Search Privacy Violations, Breaches and Complaints
This database was last updated in December 2015 ago and should only be used as a historical snapshot. More recent data on breaches affecting 500 or more people is available at the U.S. Department of Health and Human Services’ Breach Portal.
VA Mid South Healthcare Network (VISN 9)
Mentioned in a privacy incident report created by the U.S. Department of Veterans Affairs on July 9, 2012. Also cited in 328 other reports.

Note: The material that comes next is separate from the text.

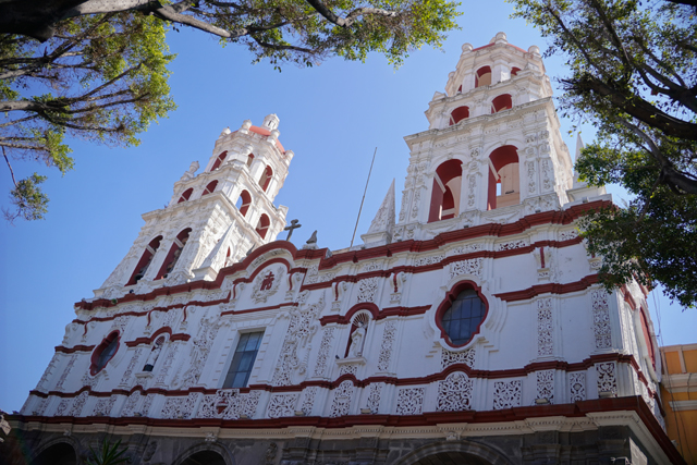 接續的目標「聖克里斯多教堂」(Templo de San Cristóbal)距此三個街區,前身是家收養孤兒的醫院,堂名便來由自創院的慈心神父。朝北走了過去,它同樣有雙塔招引視線,且塔身頗具雕琢。飾柱採用別致的雙螺旋,在光滑與藤紋間交替,窗台呈弧形外推也滿稀有,再加上兩層稍稍的變體,錐尖及雕像的配襯,很惹人抬望良久。事後查了資料,它竟是舊塔被宗教戰爭摧毀後於近代補上的作品,沒因此標新立異或走極簡,而是基於古式作翻玩,相當難得。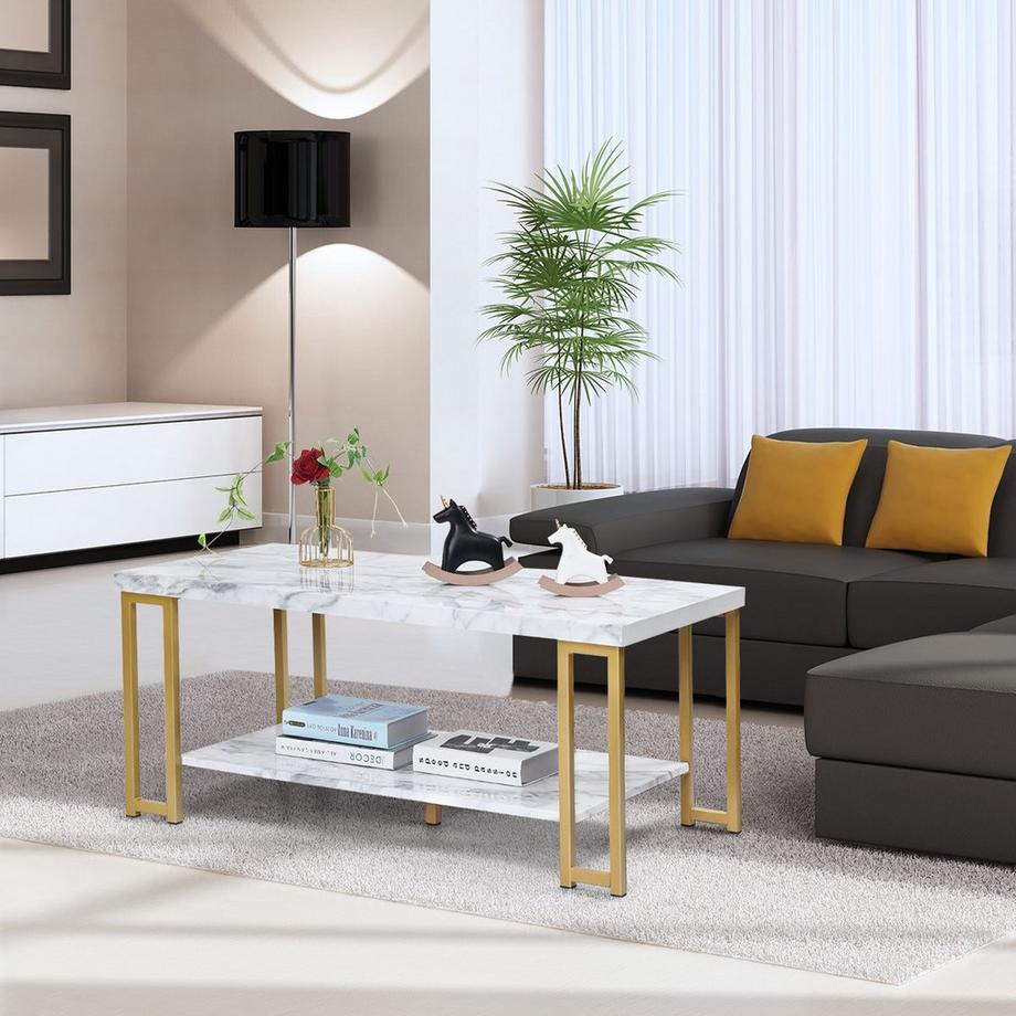 NorthixCouchtisch Beistelltisch Sofatisch Anstelltisch Konsolentisch Kaffeetisch Golden und Weiß

Report ID: SPE000000077627, U.S. Department of Veterans Affairs
Reported Entity: VISN 09 Memphis, TN
Issue:
The Privacy Officer (PO) received an email from a VA staff member from the from Purchase Care Department stating that she spoke with a Veteran regarding a denied claim. She stated during their conversation, the Veteran's wife hinted that in February 2012, her husband received a denied claim from Memphis VAMC which had two other Veterans' claim letters attached. The Purchase Care staff asked about the names of the Veterans involved and then notified the Assistant Chief of the Business Office. Copies of the claim letters have been forwarded to the PO for follow up with the complainant. Upon review of the claim letters, the PO noted that it contains mailing (home) address and the Health Care Finance Administration (HCFA) ID numbers of the affected Veterans. The PO will call the complainant to request for the two claim letters to be mailed to Memphis VAMC Privacy Officer. Update: 07/10/12: The two Veterans will receive a HIPAA notification letter
Outcome:
PO conducted a fact-finding and met with one of the VA employees believed to be responsible for this incident. This VA employee is deaf and requested for an interpreter. Meeting started at 3:00 pm. Employee admitted that she is responsible for what occured. She stated that she has always paid close attention to ensure that no more than one claim letter is put into an envelope but she admitted this particular incident happened by accident. She pledged her support to ensure incident like this will never happen again. Employee has not taken VA Privacy and HIPAA training as of the time of the fact-finding. Emplyee stated she has taken her VA Privacy and HIPAA training. PO verified training in TMS, employee completed training in April 2012. PO stated to her that this incident has resulted in PII compromise since the claim letters contained mailing address of the affected Veterans. PO discussed VA National Rules of Behavior with employee and requested her to take it back to her office to review it thoroughly. PO explained the implication of reviewing and completing the VA National Rules of Behavior. PO requested employee send a signed copy of this document to be filed with the fact-finding records and another copy to be sent to her supervisor. Tomorrow, PO will submit two notification letters to the Medical Center Director for his signature. On 7/30/2012, PO uploaded redacted copy of Notification letters; all fact-finding meetings completed and complaint has been resolved. PO has notified Supervisor about the outcome of the fact-finding and necessary follow up.